Can MongoDB store and manipulate strings of UTF-8 with code points outside the basic multilingual plane? Can MongoDB store and manipulate strings of UTF-8 with code points outside the basic multilingual plane? mongodb mongodb

Can MongoDB store and manipulate strings of UTF-8 with code points outside the basic multilingual plane?


There are several issues here:

1) Please be aware that MongoDB stores all documents using the BSON format. Also note that the BSON spec referes to a UTF-8 string encoding, not a UTF-16 encoding.

Ref: http://bsonspec.org/#/specification

2) All of the drivers, including the JavaScript driver in the mongo shell, should properly handle strings that are encoded as UTF-8. (If they don't then it's a bug!) Many of the drivers happen to handle UTF-16 properly, as well, although as far as I know, UTF-16 isn't officially supported.

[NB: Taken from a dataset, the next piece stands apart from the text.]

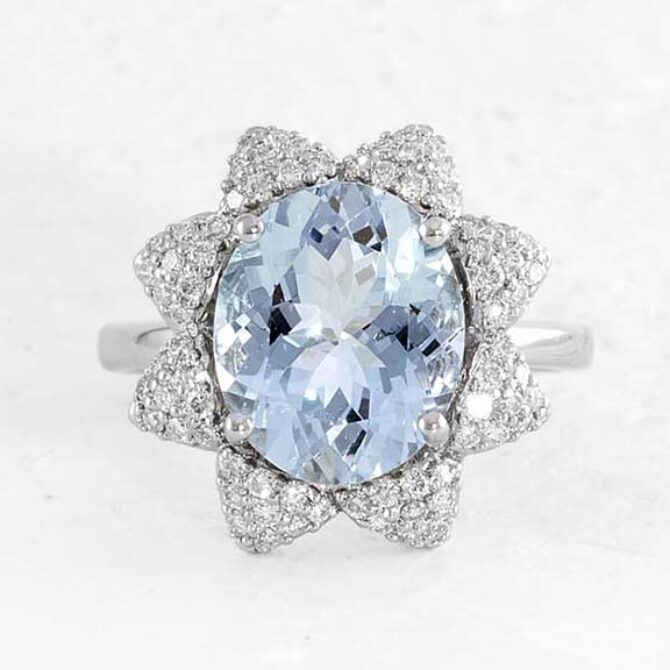 4.38ct Floral Oval Aquamarine Diamond Halo Ring GR062
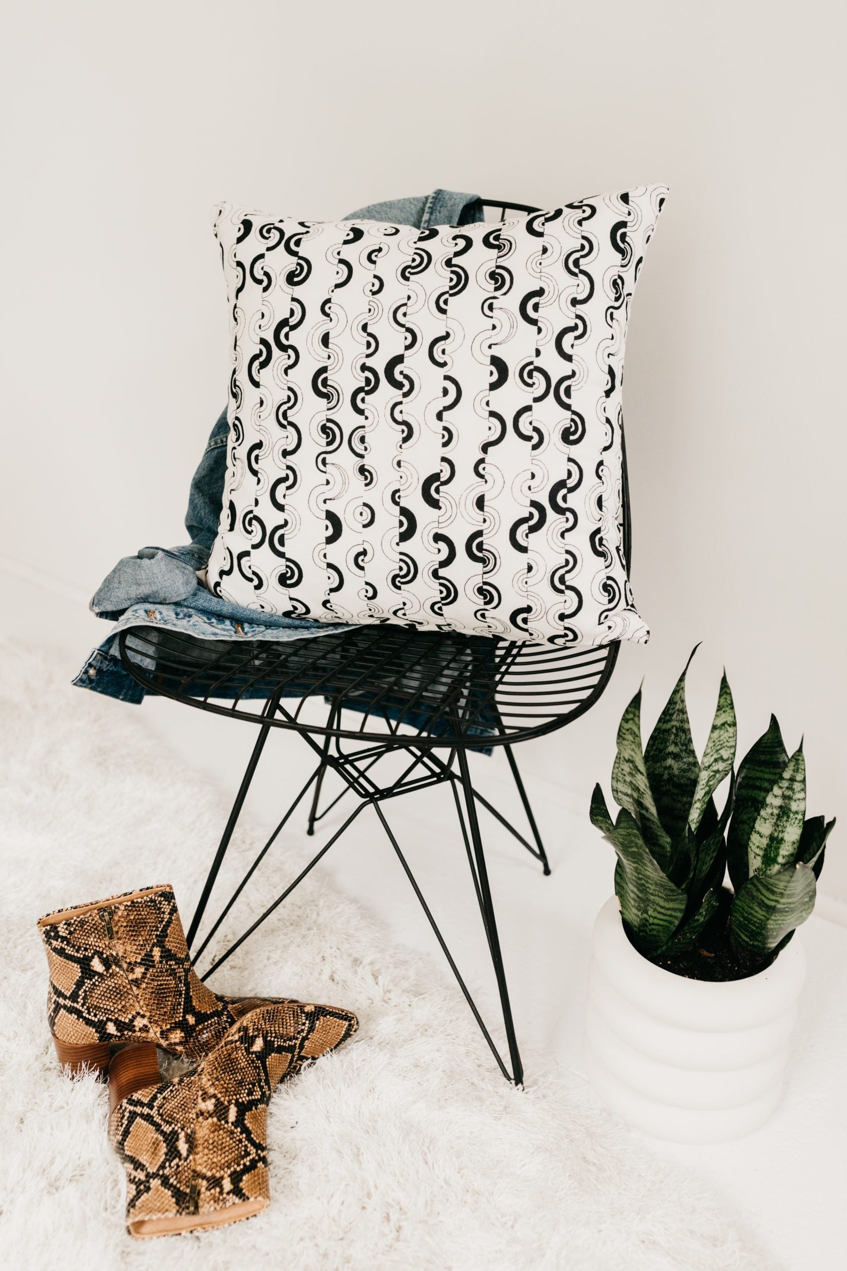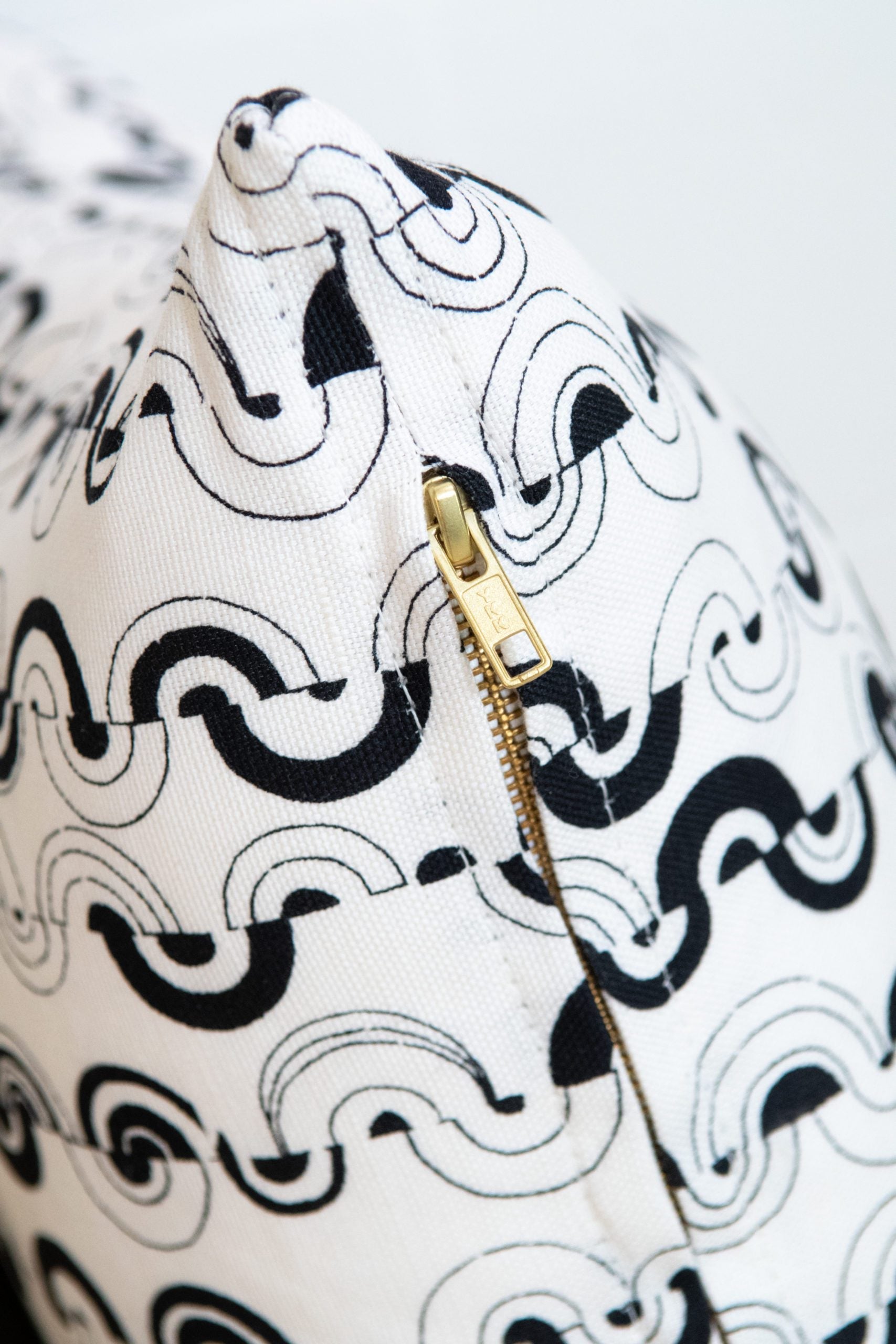 The 20" X 20" Ortega pillow in Clairvoyant is responsibly printed, cut and sewn in the US on a 55% linen and 45% cotton blend with yarns from Belgium.

3) When I tested this with the Python driver, MongoDB could successfully load and return a string value that contained a broken UTF-16 code pair. However, I couldn't load a broken code pair using the mongo shell, nor could I store a string containing a broken code pair into a JavaScript variable in the shell.

4) mapReduce() runs correctly on string data using a correct UTF-16 code pair, but it will generate an error when trying to run mapReduce() on string data containing a broken code pair.

It appears that the mapReduce() is failing when MongoDB is trying to convert the BSON to a JavaScript variable for use by the JavaScript engine.

5) I've filed Jira issue SERVER-6747 for this issue. Feel free to follow it and vote it up.